Sumiati (60), kader jumantik di Desa Setupatok, misalnya, telah mendatangi lebih dari 80 rumah di dua minggu pertama tahun 2019. Nenek enam cucu ini kerap mengingatkan warga untuk rutin menguras bak kamar mandi, setidaknya tiga kali sehari untuk mencegah munculnya sarang nyamuk.
“Warga sudah tahu kalau musim hujan seperti ini, pasti saya datang untuk mengecek sarang nyamuk di rumah. Tapi, masih ada satu atau dua orang yang tidak mau rumahnya diperiksa,” ujarnya.
Kendala lainnya, lanjutnya, adalah kesibukan sebagian warga yang jarang berada di rumah karena harus berdagang di luar desa.

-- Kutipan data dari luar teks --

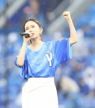 あいにくの雨天となったが、試合前に球場に渡り響いた美声にスタンドからは大きな拍手が送られていた。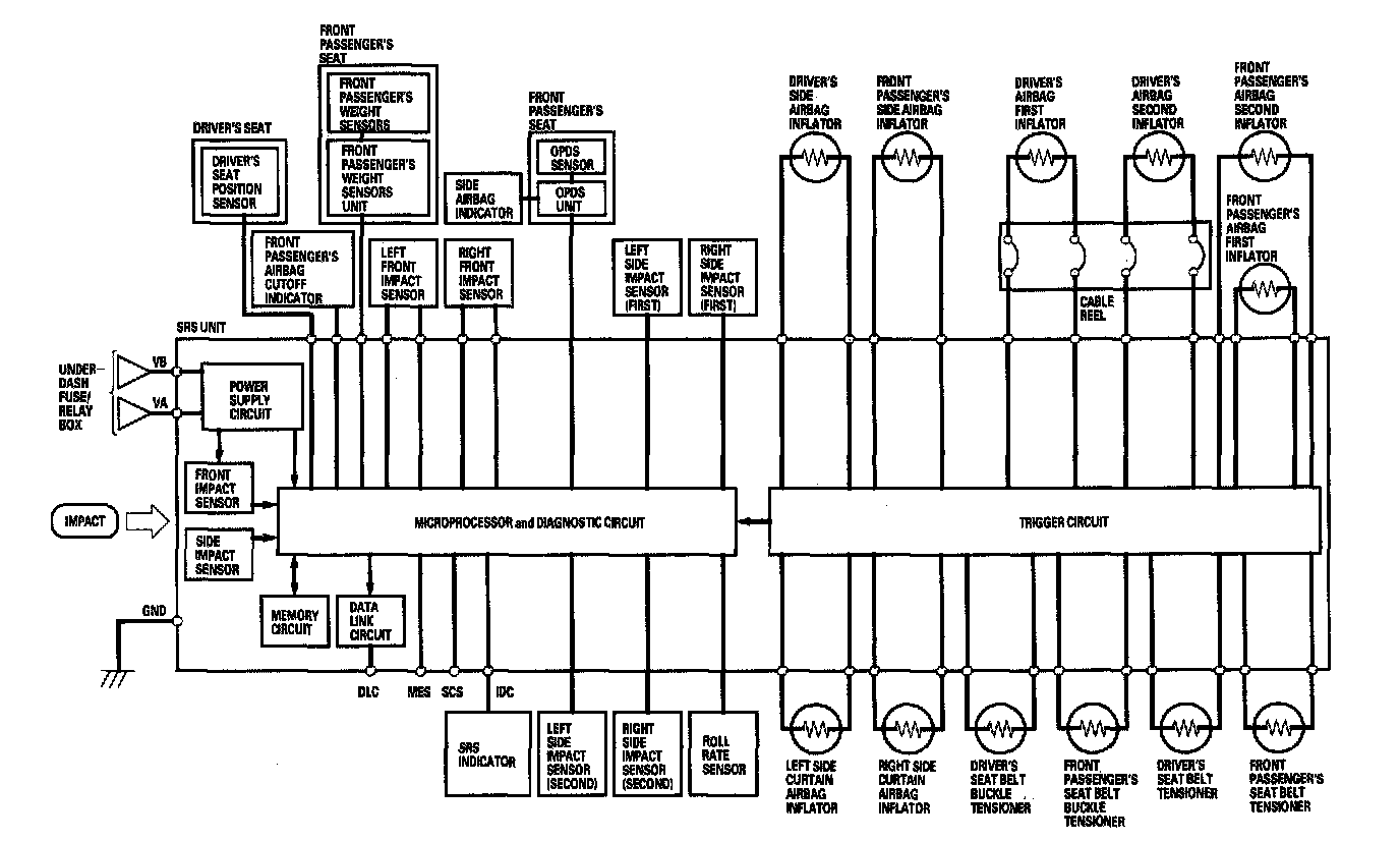 The main circuit in the SRS unit senses and judges the force of impact and, if necessary, ignites the inflator charges. If battery voltage is too low or power is disconnected due to the impact, the voltage regulator and the back-up power circuit, respectively, will keep voltage at a constant level.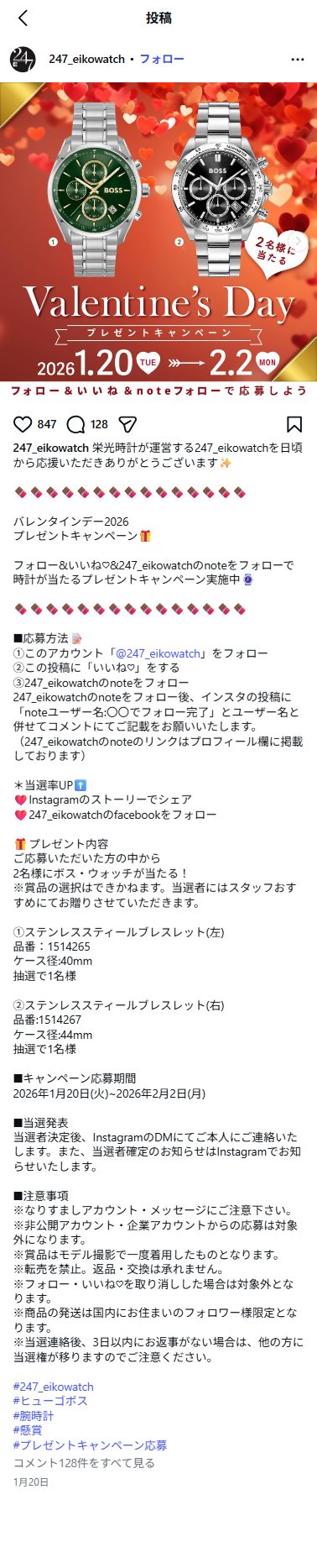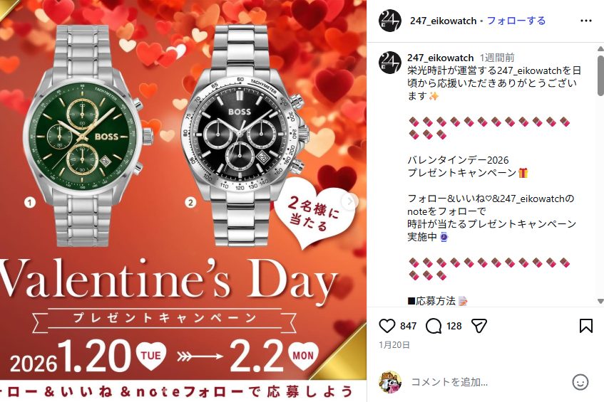 247_eikowatchのnoteをフォロー後、インスタの投稿に「noteユーザー名:〇〇でフォロー完了」とユーザー名と併せてコメントにてご記載をお願いいたします。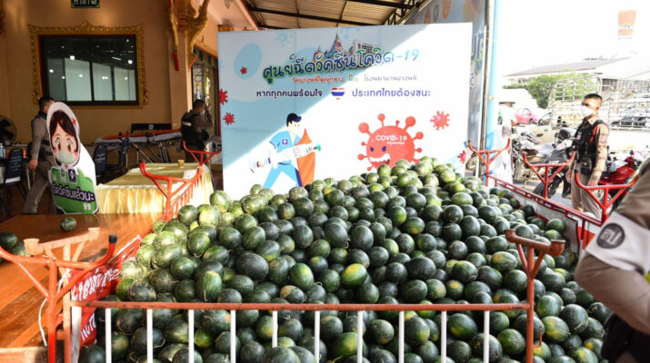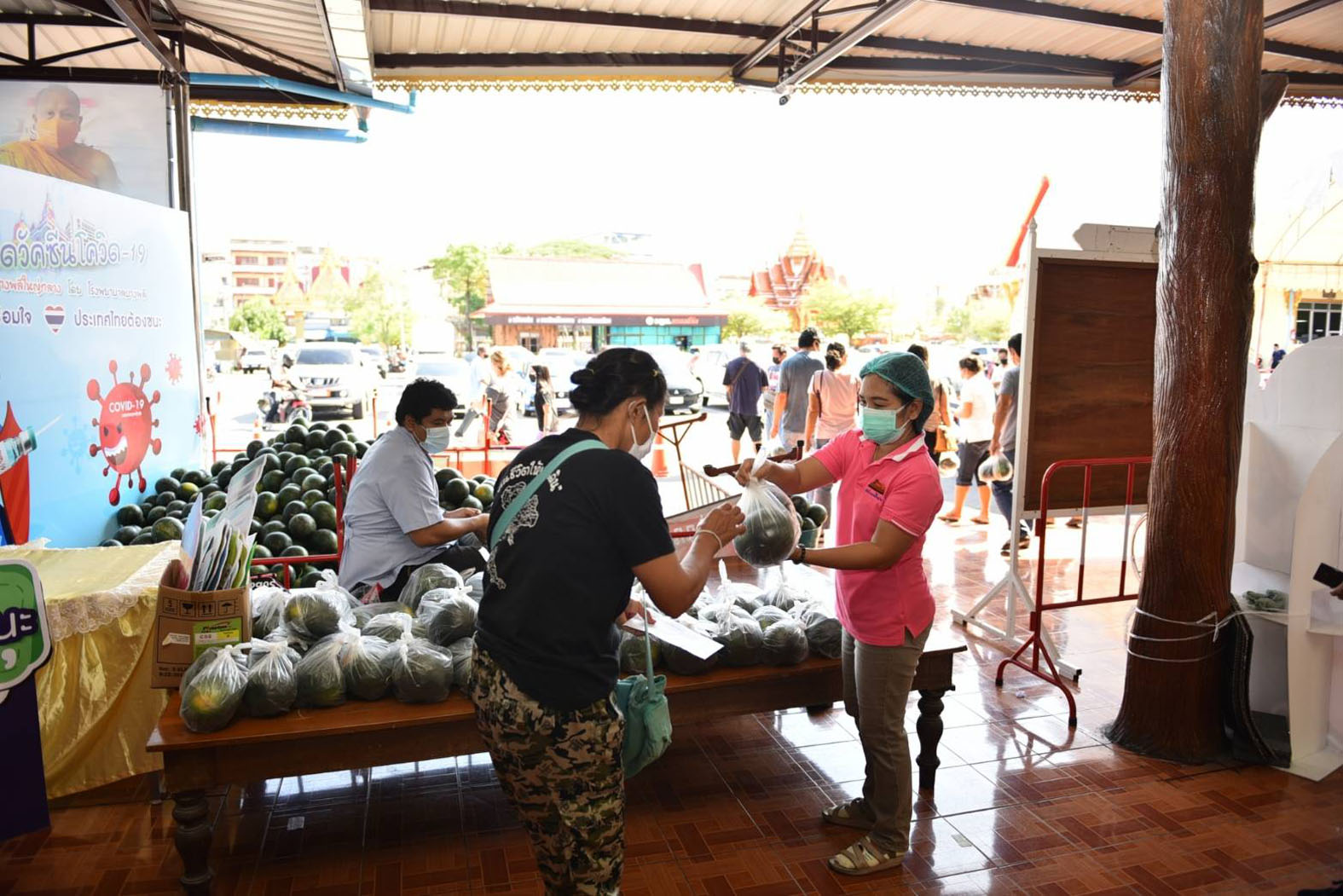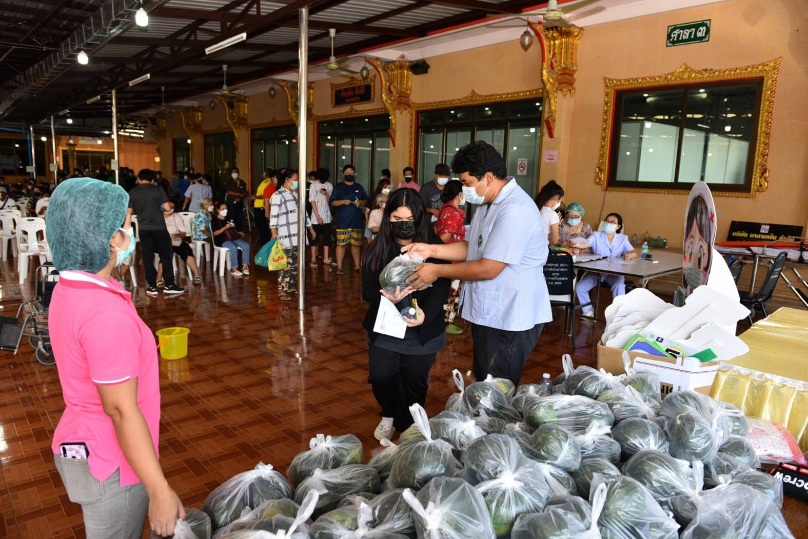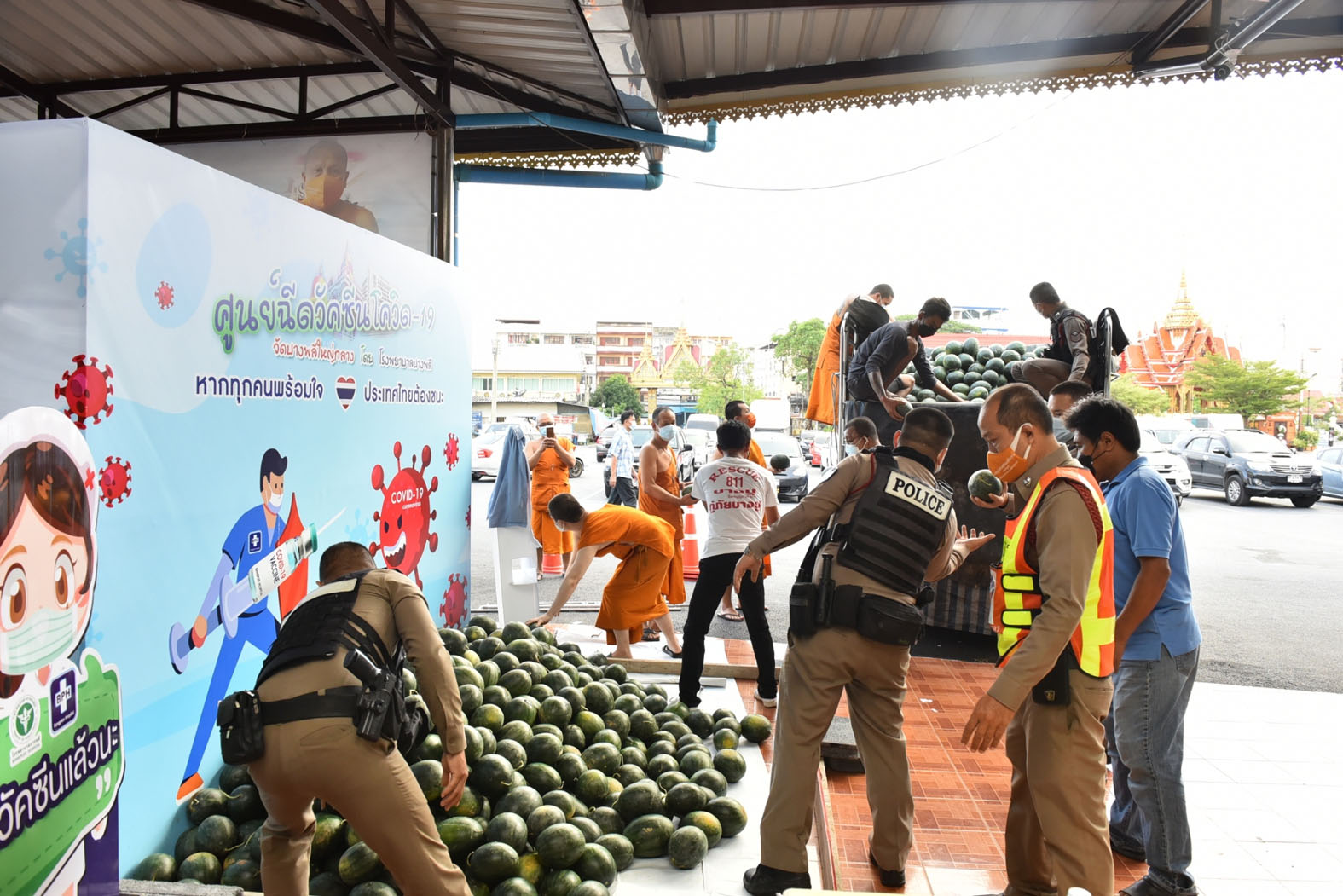 สมุทรปราการ พระอาจารย์แจ้ เหมาแตงโมแจกชาวบ้านที่มาฉีดวัคซีนที่ศูนย์ฉีดวัคซีนวัดบางพลีใหญ่กลาง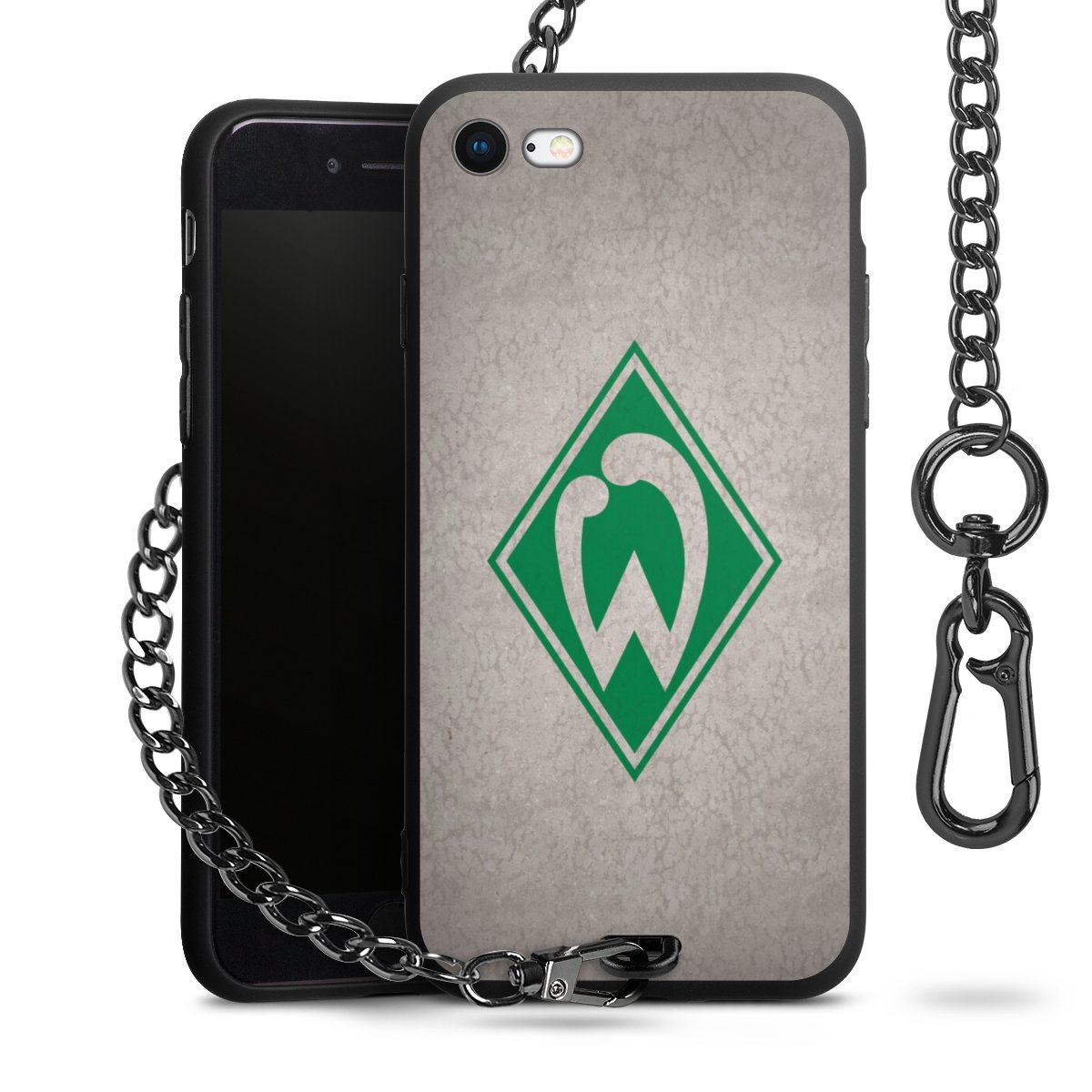 Die mattschwarze Silikon-Handyhülle besteht aus robustem TPU (thermoplastisches Polyurethan). Sie ist flexibel und schützt Dein Smartphone vor Stößen und Kratzern. Die Kette sowie der Karabinerhaken sind aus Metall in Gunmetal-Optik gefertigt. Für dieses Produkt kommen ausschließlich TÜV-geprüfte Materialien zum Einsatz.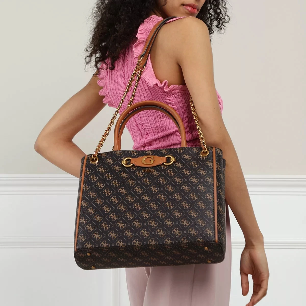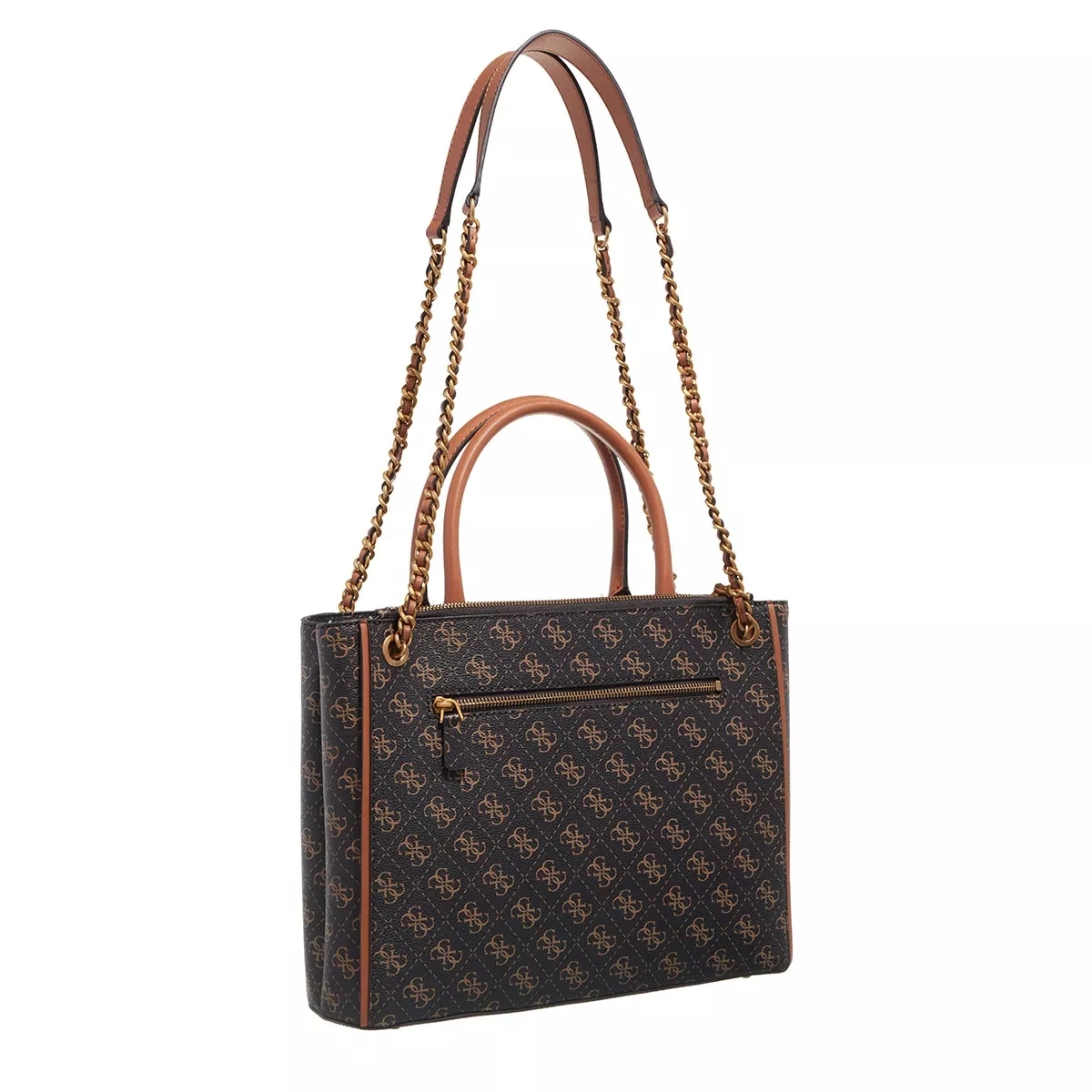Alltagstauglich und praktikabel: Das ist die Tote Bag Izzy High Society Carryall Brown Logo/Cognac von Guess.

Akibatnya, bak mandi dan sarana sanitasi lainnya jadi tak terurus.
“Saya juga berharap kader jumantik ditambah. Saya kerepotan berkeliling memantau jentik nyamuk di 3.000 rumah di desa ini,” ujarnya.
Kepala Puskesmas Pamengkang Nila Sofyan mengatakan, selama ini, jumlah kader jumantik terbatas. Keberadaannya bergantung pada anggaran Bantuan Operasional Kesehatan Kementerian Kesehatan.
“Tahun lalu, anggarannya sekitar Rp 300 juta dan digunakan untuk beragam kegiatan. Namun, kami berupaya menjangkau semua rumah. Jumantik dibantu petugas kesehatan lainnya. Kami juga terus melakukan sosialisasi. Tahun ini rencananya, setiap RT bakal punya satu jumantik,” ujarnya.